ASCII Table & Unicode Character Reference

Browse, search, and copy ASCII and Unicode characters with full encoding details.

About This Tool

The ASCII Table & Unicode Character Reference is a comprehensive, browser-based lookup tool for developers, system administrators, and anyone who works with character encodings. It covers the full ASCII character set (codes 0–127) as well as commonly used Unicode blocks including Latin Extended characters, currency symbols, arrows, mathematical operators, box-drawing characters, and geometric shapes.

ASCII (American Standard Code for Information Interchange) was first published in 1963 and remains the foundation of virtually every modern character encoding scheme. The original 128 characters include 33 non-printing control codes (such as NUL, TAB, LF, CR, and ESC), the space character, and 94 printable characters covering digits, uppercase and lowercase Latin letters, and common punctuation marks. Understanding these codes is essential when working with low-level protocols, terminal emulators, serial communication, file formats, or any system that processes raw byte streams.

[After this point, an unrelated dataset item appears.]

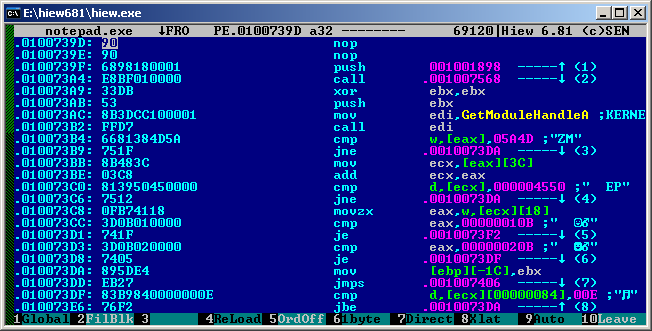 В окне с ассемблерным листингом указано смещение, hex-код, непосредственно ассемблерная команда, ему соответствующая, и расширенный комментарий. В качестве комментария часто выводится такая полезная информация, как например, имя вызываемой API-функции.
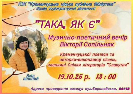 19 жовтня о 13:00 запрошуємо всіх на музично-поетичний вечір "Така, як є" у актовій залі Кременчуцької міської публічної бібліотеки (вул. Європейська, 66/13), де буде царювати слово і музика!

Unicode extends ASCII to cover over 150,000 characters from scripts around the world. This tool highlights the most frequently referenced Unicode blocks so you can quickly find currency signs like € and £, directional arrows, mathematical symbols such as ∑ and ∏, and box-drawing characters used in terminal UIs. Every entry shows its decimal, hexadecimal, octal, and binary value, plus ready-to-copy HTML entities, CSS escape sequences, JavaScript escape sequences, and raw UTF-8 byte representations.

All lookups and conversions happen entirely in your browser. No data is sent to any server, making the tool safe to use in any environment. Whether you need to embed a special character in HTML, construct a binary protocol payload, or simply remember which ASCII code corresponds to the at-sign, this reference has you covered.

How to Use

  1. Use the search bar to find characters by name, description, decimal value, hexadecimal value, or the character itself.
  2. Switch between category tabs (All, Control, Printable, Extended Latin, Symbols, Arrows, Math) to narrow the table.
  3. Click any row to open its detail panel showing decimal, hex, octal, binary, HTML entity, CSS escape, JS escape, and UTF-8 byte values.
  4. Click any field in the detail panel to copy that specific value to your clipboard.
  5. Click the copy icon on any row to quickly copy just the character.
  6. Press Escape to close the detail panel.
  7. Click Load more at the bottom of the table to view additional characters in large result sets.

FAQ

What is the difference between ASCII and Unicode?

ASCII defines 128 characters (codes 0-127) using 7 bits, covering basic Latin letters, digits, punctuation, and control codes. Unicode is a superset that assigns unique code points to over 150,000 characters from virtually every writing system in the world. The first 128 Unicode code points are identical to ASCII.

What are control characters?

Control characters (ASCII 0-31 and 127) are non-printing characters originally designed to control hardware devices like printers and teletypes. Common examples include TAB (9), LF (10, line feed), CR (13, carriage return), and ESC (27, escape). They are still widely used in terminal protocols and text file formats.

How do I use an HTML entity in my code?

You can use either a named entity like & for the ampersand or a numeric entity like &. Named entities are available only for a subset of characters, while numeric entities work for any Unicode code point. This tool provides both formats when applicable.

Is my data sent to a server?

No. This tool runs entirely in your browser using client-side JavaScript. No network requests are made, and no data leaves your machine. It is safe to use in restricted or air-gapped environments.

Why are some characters shown as abbreviations?

Characters in the control range (0-31 and 127) are non-printable, so the table shows their standard two- or three-letter abbreviations such as NUL, SOH, STX, ETX, LF, CR, ESC, and DEL. These names are defined in the original ASCII specification.

What Unicode blocks are included?

The extended section covers Latin Extended-A and a subset of Latin Extended-B, Currency Symbols, Arrows, Mathematical Operators, Box Drawing, Block Elements, Geometric Shapes, and a subset of Miscellaneous Symbols. These are the blocks most commonly needed by developers.

Can I search by hexadecimal value?

Yes. Type a hex value like 41 or 2F into the search bar and the table will filter to characters whose code point matches. You can also search by decimal value, character name, or the character itself.